- _RAW DATA_
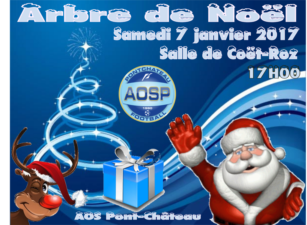 Comme l'an passé, le traditionnel arbre de Noël 2016 organisé par l'AOSP se déroulera salle de Coët-Roz, le samedi .......7 janvier 2017.
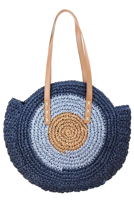 Boho Evil Eye Rattan Wicker Round Beach Tote Bag
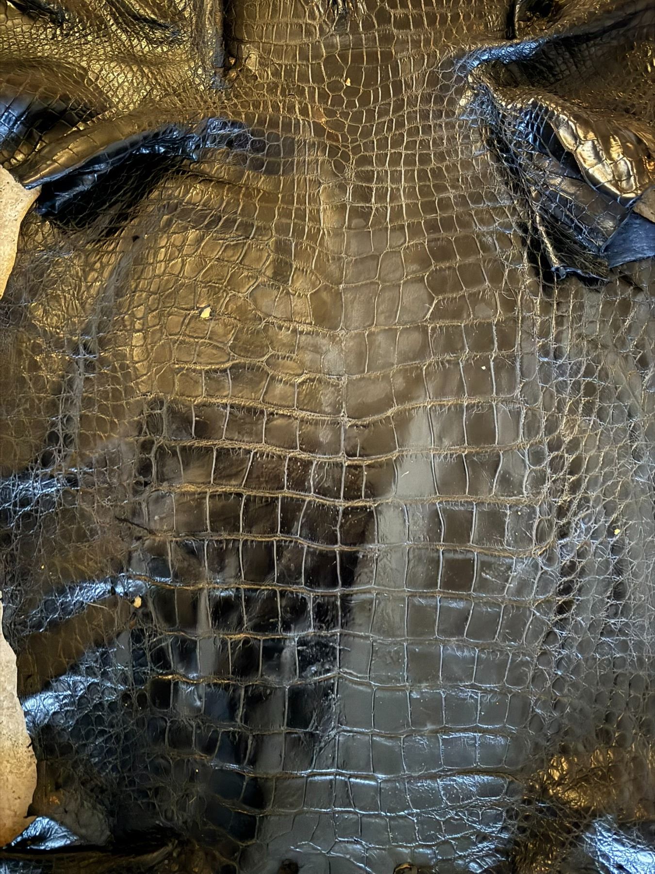 Package includes: One 10ft 6in Black American Alligator Soft Tanned Belly Hide
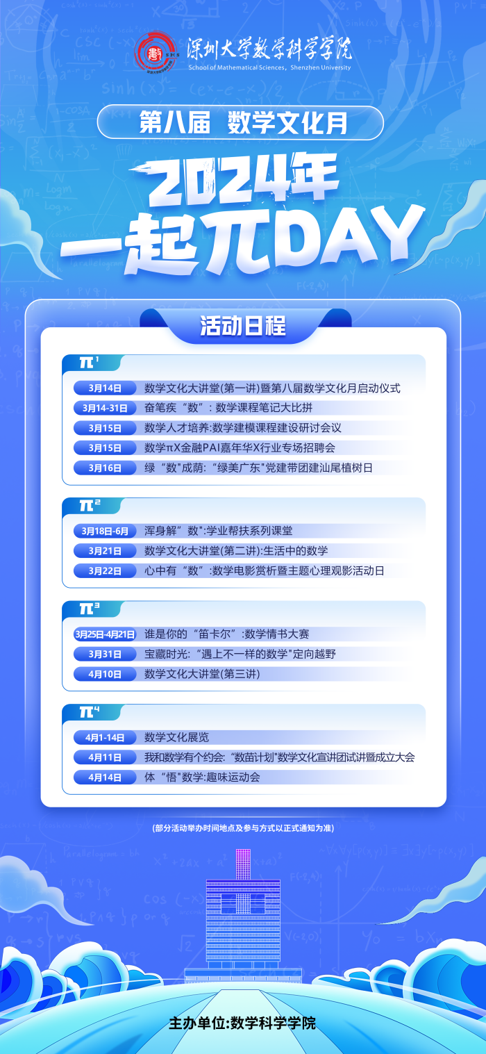 习近平总书记在党的二十大报告中指出,要全面提高人才自主培养质量,着力造就拔尖创新人才,加强基础学科建设。数学作为基础学科,要加强基础研究,从源头破解“卡脖子”难题,也要加强科普宣传,传播先进数学文化、提高全民数学素质、践行数学强国。91自拍 党委以党建为引领,党建带团建,以每年3月14日“国际数学日”为契机,开展系列“数学文化月”专业特色活动,以数学科普报告、交流座谈、文化展览、趣味活动等多种形式,营造“学习数学、交流数学、研究数学”的良好氛围。
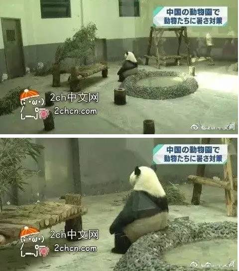 窗姐怀疑楼下这国宝是不是人扮的……在水池边休息的大熊猫完全就是澡堂大叔。
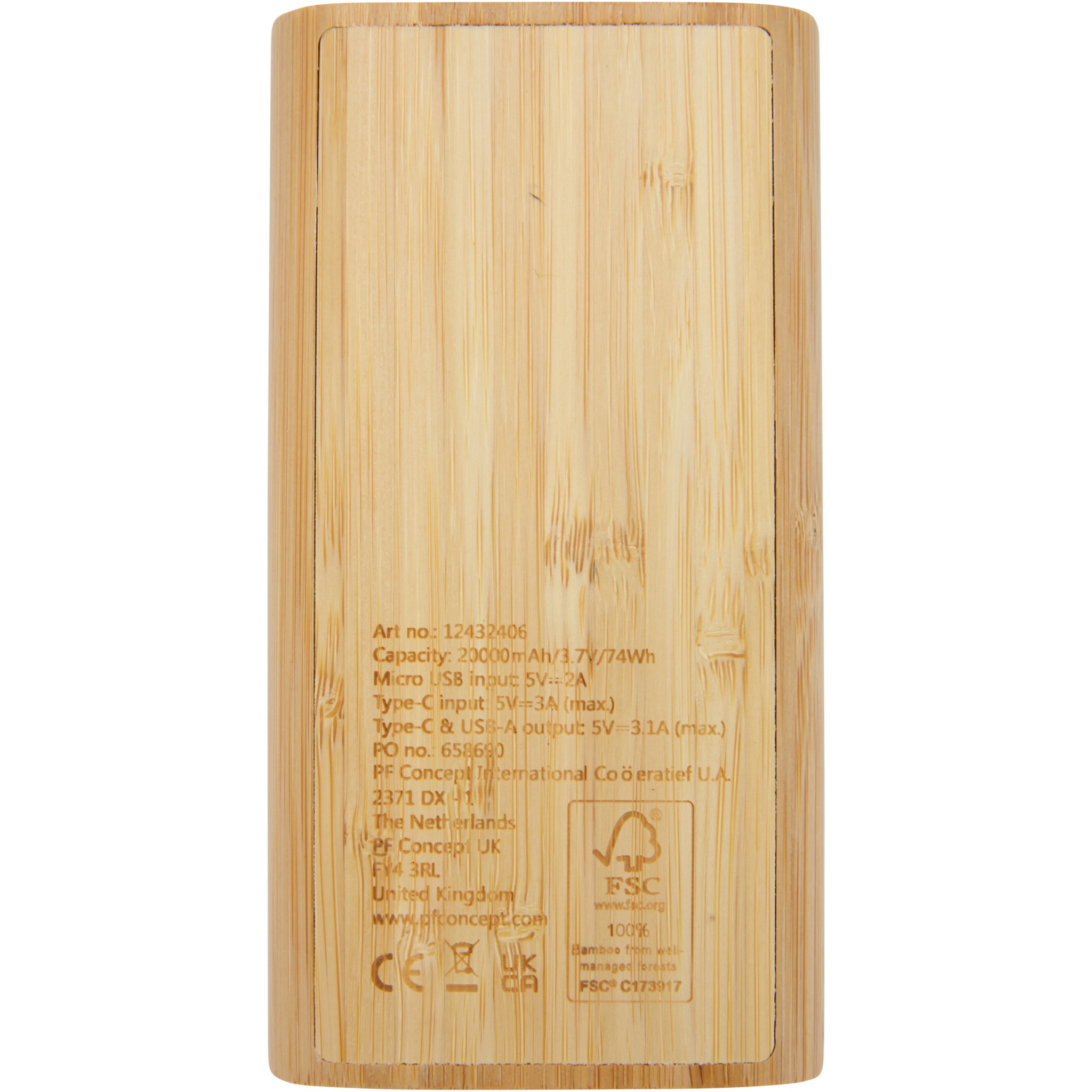 20.000 mAh power bank made from bamboo, featuring an ON/OFF touch button and 4 LED indicators to show the remaining battery capacity. Micro USB input 5V/2A, Type-C input 5V/3A, Type-C output 5V/3.1A max, dual USB-A output 5V/3.1A max, total power 15.5W. Delivered with a 30 cm TPE 3A Type-C to Type-C charging cable, an instruction manual and a kraft paper gift box. Since bamboo is a natural product, there may be slight variations in colour and size per item, which may affect the final printing outcome.
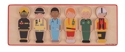Títo záchranári sú Vám pripravení pomôcť! Táto robustná drevená skladačka obsahuje 6 záchranárov vrátane požiarnika, policajného dôstojníka, doktora, záchrannej služby a ďalšie! Každá postava sa skladá z troch drevených kusov, ktoré umožňujú malým deťom kombinovať oblečenie pre každého pracovníka. Pomáha deťom pochopiť rolu ľudí, ktorí im pomáhajú v živote. Skvelý spôsob, ako rozvíjať slovnú zásobu, zladiť zručnosti a sústrediť sa. Podporuje rozvoj jazyka, pretože deti hovoria o každom záchranári a úlohe, ktorú zohrávajú pri pomoci ľuďom. Kompaktné rozmery zaisťujú, že táto hádanka je užitočným kamarátom ako doma, tak aj na cesty. Vyrobené z vysoko kvalitných, zodpovedne dodávaných materiálov. Zodpovedá súčasným európskym bezpečnostným normám. Obsahuje 18 dielikov. Hlavné vlastnosti: obsahuje 18 dielikovveľké dieliky puzzle podporuje komunikačné a motorické zručnosti
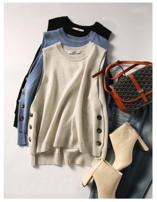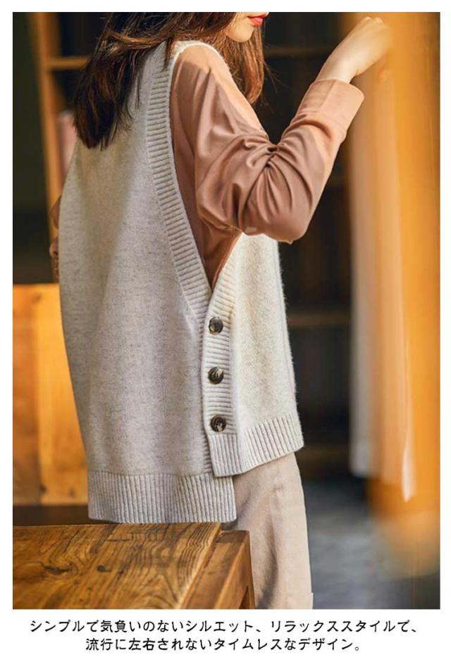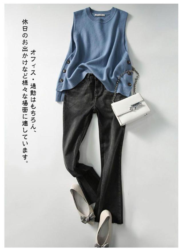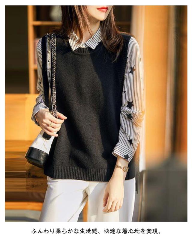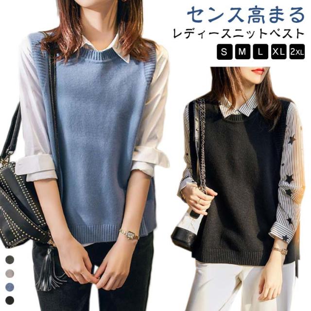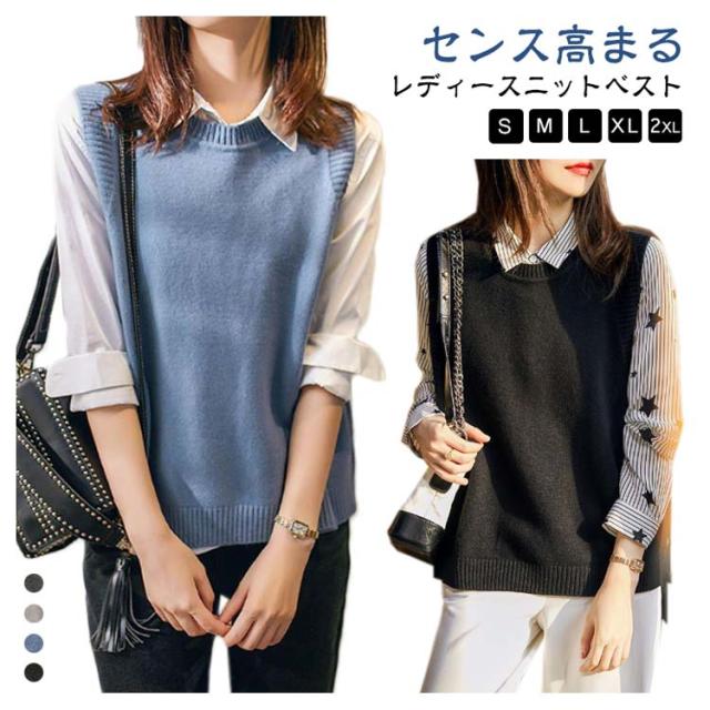 柔らか ベスト カジュアル おしゃれ ニットベスト ジレ 秋冬 大人 可愛い ラウンドネック ノースリーブ レディース トップス ナチュラル レイヤード シンプル 無地 大きいサイズ 袖なし 女性 スリット 春 きれいめ 秋冬 通勤 オフィス OL 体型カバー 重ね着

- _EXERCISE_
Up to and including the line with "Package includes: One", copy the data above from its first line. Skip pictures.

- _ANSWER TO THIS PROBLEM_
 Comme l'an passé, le traditionnel arbre de Noël 2016 organisé par l'AOSP se déroulera salle de Coët-Roz, le samedi .......7 janvier 2017.
 Boho Evil Eye Rattan Wicker Round Beach Tote Bag
 Package includes: One 10ft 6in Black American Alligator Soft Tanned Belly Hide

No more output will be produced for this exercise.